According to  an article published on 25 February 2011 by The Wall Street Journal, Royal Dutch Shell Plc has recently reported “unplanned” flaring at its Martinez refinery in California.

Shell has a track record of illegal emissions at the refinery, paying fines totaling over $25 million since 1989.

On 1 December 1989, The New York Times reported that Shell Oil Company had agreed to pay $19.75 million “for spilling more than 400,000 gallons of crude oil into San Francisco Bay”. Shell said that it had “spent an additional $14 million in cleaning up the spill, when oil flowed from a pipe at its Martinez refinery in April 1988”. Oil leaked out from a 12.5-million-gallon storage tank at the manufacturing complex 40 miles northeast of San Francisco. The Government said that several Federal regulations were broken. According to the article at least 250 birds and 50 other animals were found dead and a valuable wildlife habitat was ruined and tidal marshlands would take 10 years to recover.
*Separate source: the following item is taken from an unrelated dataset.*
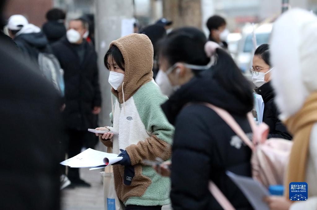 12月24日,在河北省石家莊市第三十八中學考點,考生們有序進入考場。

On 8 February 1995, an article in the The New York Times headlined “Shell Settles Dumping Suit for $3 Million” revealed that Shell Oil Company had agreed to settle a lawsuit alleging that it had been “dumping illegal amounts of selenium into San Francisco Bay and the Sacramento-San Joaquin River Delta”. As part of the settlement, Shell agreed “to reduce the selenium released in wastewater at its Martinez refinery”. The article said that selenium is a nutrient in small amounts but is toxic in larger doses. While admitting Shell had exceeded permitted limits, company officials claimed that the selenium discharges in the strait were not enough to harm the environment.

On 9 May 2007, the Houston Chronicle newspaper reported that Shell Oil Products, a subsidiary of Shell Oil Company, had been fined $2.9 million for equipment failure “that sent 925 tons of excess carbon monoxide into the air”. According to the article, “the pollution-causing emissions escaped the refinery in Martinez, California over the course of a week”. Karen M. Schkolnick, a spokeswoman for the Bay Area Air Quality Management District, was quoted as saying that “The fine reflects the size of the incident and the fact that human errors compounded the situation” and that “It was a series of either bad judgements or mechanical failures and it led to this acute situation”. Steve Lesher, a spokesman for the Martinez refinery, was quoted as conceding that Shell had not contested the Air District’s claims, “but is proud of its pollution control record”. Lesher went on to say “We have rigorous maintenance standards, and you hope something like this never happens and you work to make sure it doesn’t happen.”